--- The records ---

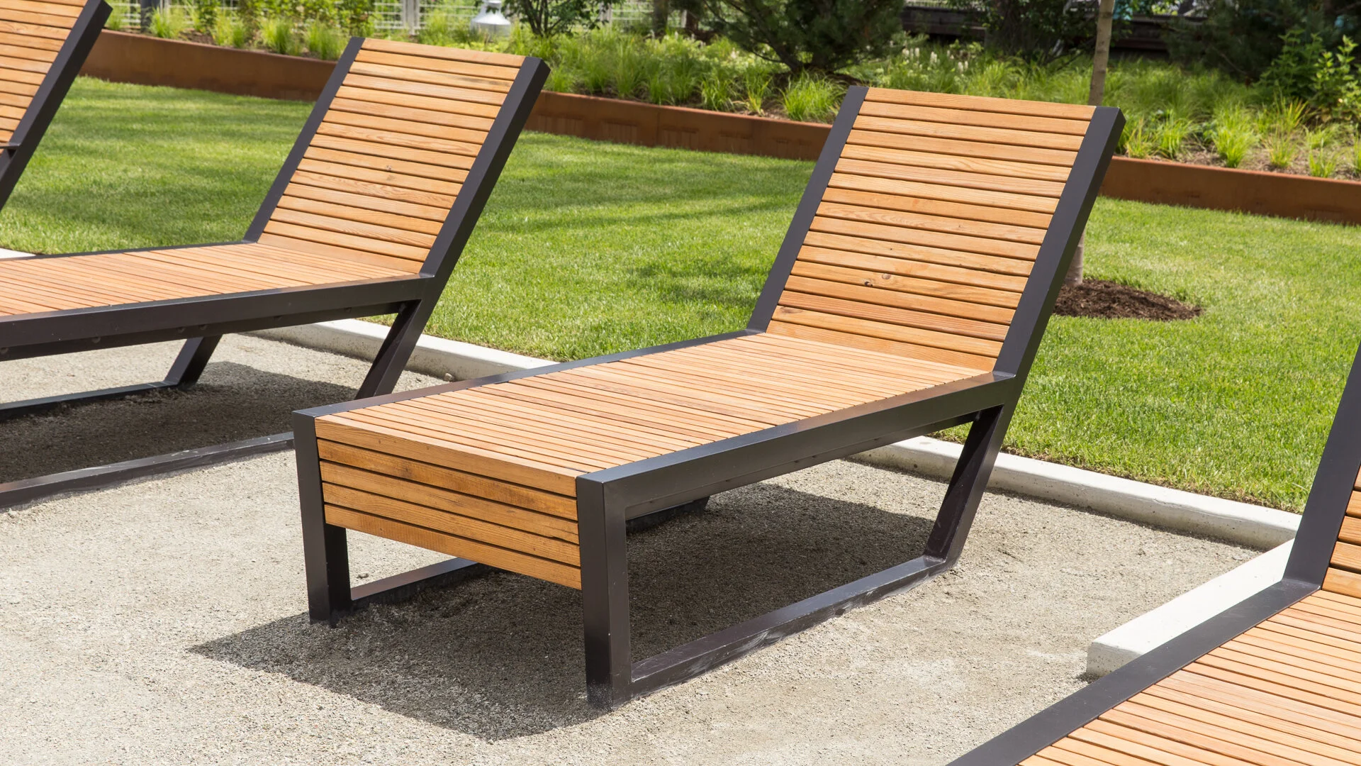 Located on the site of the former Domino Sugar refinery in Williamsburg, Brooklyn's newest waterfront park serves as a tribute to the history of this diverse neighborhood. The design included over 1,000 linear feet of custom benches, incorporating charging stations and wireless access points within powder-coated aluminum bases. All 60 outdoor pieces featured wood slats made from reclaimed antique heart pine beams salvaged from the 1882 refinery building.
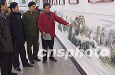 中國名人書畫院副院長、當(dāng)代山水畫家衣惠春(右一),十二月十六日在福州舉辦的衣惠春山水畫展上首度將其長四十二米的新作《武夷山神韻圖卷》展示給福建觀眾。此卷由衣惠春歷時(shí)近四個(gè)月創(chuàng)作完成,以“雙世遺”武夷山代表性景觀為主線,通過中國畫形式表現(xiàn)武夷山九曲十八彎的意境。作者:劉可耕
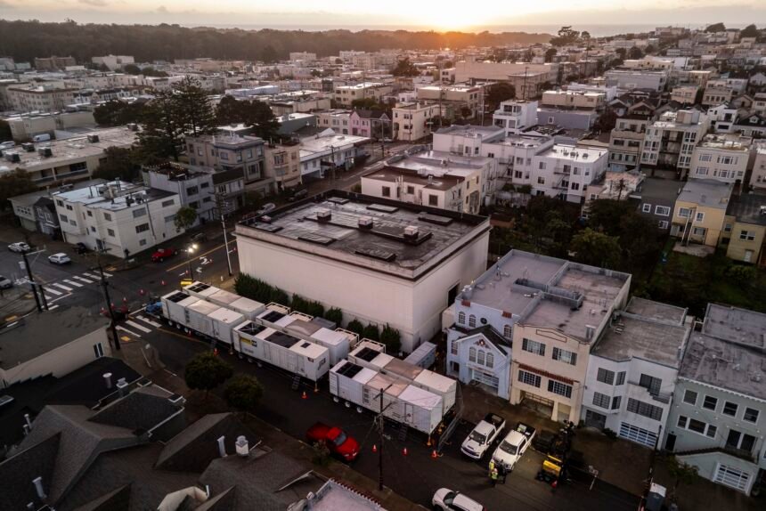 An aerial view of temporary generators is seen outside the Pacific Gas and Electric Co substation at 24th Avenue and Balboa Street in the Richmond neighborhood of San Francisco, Friday, Dec. 26, 2025. The generators were installed following the massive blackout on December 20th that left nearly a third of the city’s residents without power for hours.
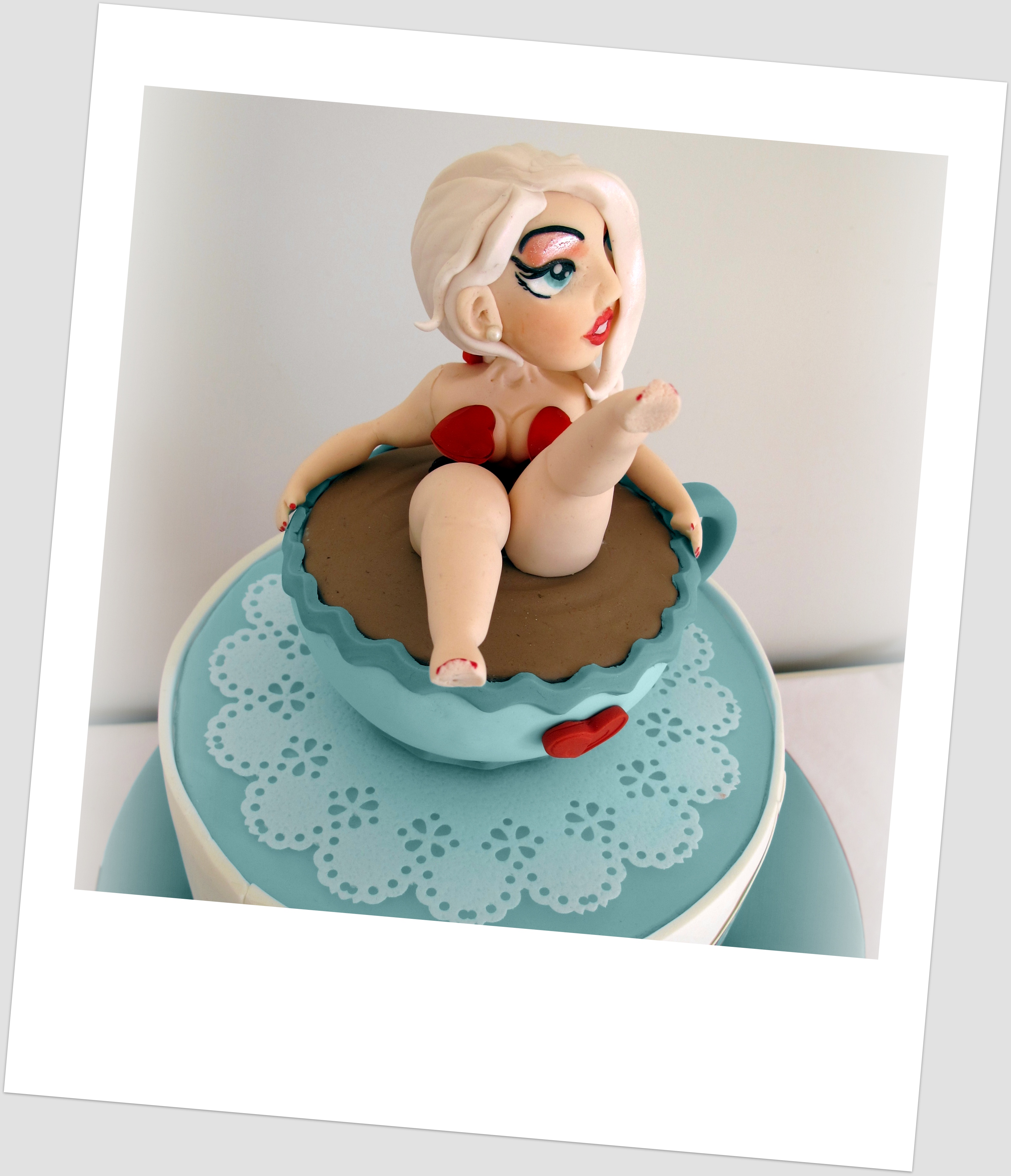 Esta muñeca que se baña plácidamente en la tacita de chocolate también lleva su bolita correspondiente
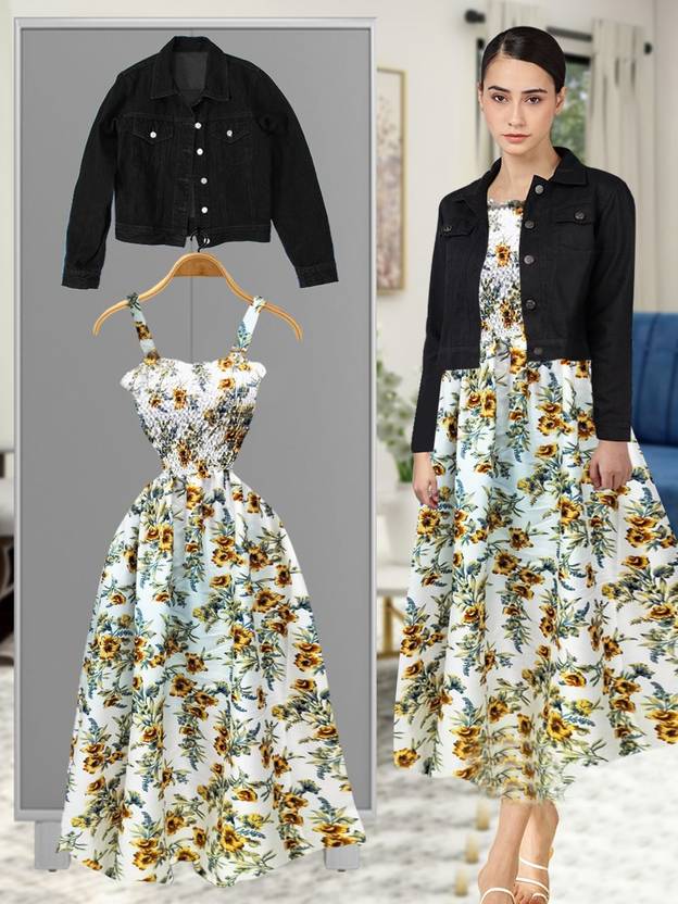Dress With Jacket Women/Girls 100% Premium Quality Material Women Stylish Jacket With Dress COMBO (PACK OF 2) Urbane Latest Women Dresses With Jacket. Knee Length Dress & Regular Denim Jacket COMBO.
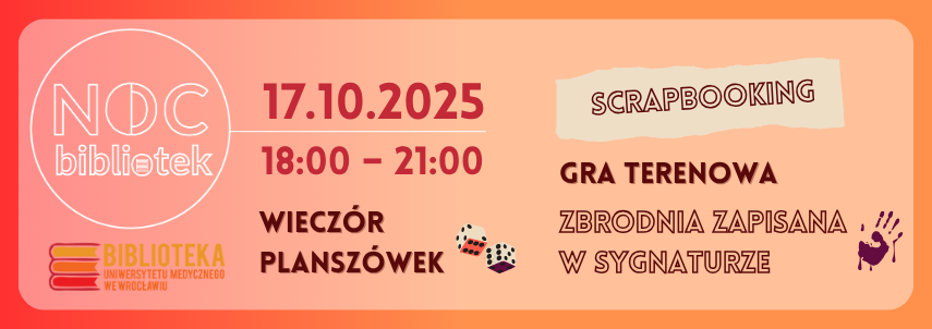Biblioteka Uniwersytetu Medycznego we Wrocławiu serdecznie zaprasza studentów, doktorantów oraz pracowników UMW do udziału w wydarzeniu organizowanym w ramach ogólnopolskiej akcji Noc Bibliotek.

--- To do ---
Exact copies of the entries above are needed, with every picture removed.

--- Task solution ---
 Located on the site of the former Domino Sugar refinery in Williamsburg, Brooklyn's newest waterfront park serves as a tribute to the history of this diverse neighborhood. The design included over 1,000 linear feet of custom benches, incorporating charging stations and wireless access points within powder-coated aluminum bases. All 60 outdoor pieces featured wood slats made from reclaimed antique heart pine beams salvaged from the 1882 refinery building.
 中國名人書畫院副院長、當(dāng)代山水畫家衣惠春(右一),十二月十六日在福州舉辦的衣惠春山水畫展上首度將其長四十二米的新作《武夷山神韻圖卷》展示給福建觀眾。此卷由衣惠春歷時(shí)近四個(gè)月創(chuàng)作完成,以“雙世遺”武夷山代表性景觀為主線,通過中國畫形式表現(xiàn)武夷山九曲十八彎的意境。作者:劉可耕
 An aerial view of temporary generators is seen outside the Pacific Gas and Electric Co substation at 24th Avenue and Balboa Street in the Richmond neighborhood of San Francisco, Friday, Dec. 26, 2025. The generators were installed following the massive blackout on December 20th that left nearly a third of the city’s residents without power for hours.
 Esta muñeca que se baña plácidamente en la tacita de chocolate también lleva su bolita correspondiente
Dress With Jacket Women/Girls 100% Premium Quality Material Women Stylish Jacket With Dress COMBO (PACK OF 2) Urbane Latest Women Dresses With Jacket. Knee Length Dress & Regular Denim Jacket COMBO.
Biblioteka Uniwersytetu Medycznego we Wrocławiu serdecznie zaprasza studentów, doktorantów oraz pracowników UMW do udziału w wydarzeniu organizowanym w ramach ogólnopolskiej akcji Noc Bibliotek.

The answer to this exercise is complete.